Is There a Right to Let Others Die?

When Republican presidential candidates who oppose socialized medicine are asked, in essence, “What will you do with a sick person — let him die?” the answer they normally give is, “Of course not. The government requires hospitals to provide emergency care, and it should.” Even “libertarian” Ron Paul fell for this tactic in a recent CNN presidential debate.

Such an answer concedes the moral high ground to the socialists. Socialists are trying to morally intimidate their opponents with such questions. “Do you mean to tell me that you’re going to let a suffering person die?”

The premise of this question is that the person being asked it is responsible for the illness and lack of money of the ill person in question. Well, in some cases this might be true. The parent of a child is responsible for that child. A spouse or family member — if he or she loves that family member — certainly feels responsibility for helping that family member, as would a loving friend.
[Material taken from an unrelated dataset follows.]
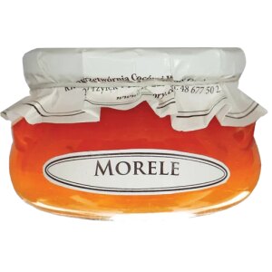 SKŁADNIKImorele, cukier, syrop glukozowy (3,5 %) – zapobiega scukrzeniu. OPISSporządzono z 50 g owoców na 100 g produktu.Owoce moreli są dosyć duże, więc kroimy je na mniejsze części, aby konfitura była bardziej smarowna. Cukier nadaje konfiturze piękną szklistą barwę i pozwala zachować słoneczny kolor owoców, a także zapobiega psuciu się zawartości słoika. Dzięki temu otwarta…

But that’s not the context for the question in a presidential debate. The context is political, meaning: Isn’t everyone in society responsible for the medical care of everyone else?

These theoretical, global examples refer to a specific type of case. It’s a case in which an individual has no health insurance, and suddenly needs emergency care. For example, a 30-year-old who doesn’t want to pay for health insurance suddenly gets cancer, or has a terrible accident. Of course you must help him, right?

But why does such a person not have health insurance in the first place? In the presidential debate, Ron Paul attempted to make this point. Because of the government welfare mentality, he said, people simply assume that government will, and should, rescue them from their decision not to purchase health insurance.

People who advocate socialism are asking us to evade the facts of the case — such as the possibility that the person lacking health insurance was negligent and irresponsible — while assuming responsibility no matter what. “Fairness” and decency, by this standard, consist of taking care of the person with the problem even if it’s a problem of his own making, and with no consideration whatsoever for the rights of the person being forced to take care of him.

So what’s the proper answer to the question, “You mean you’re just going to let this sick person die?”

There are two answers, each equally valid.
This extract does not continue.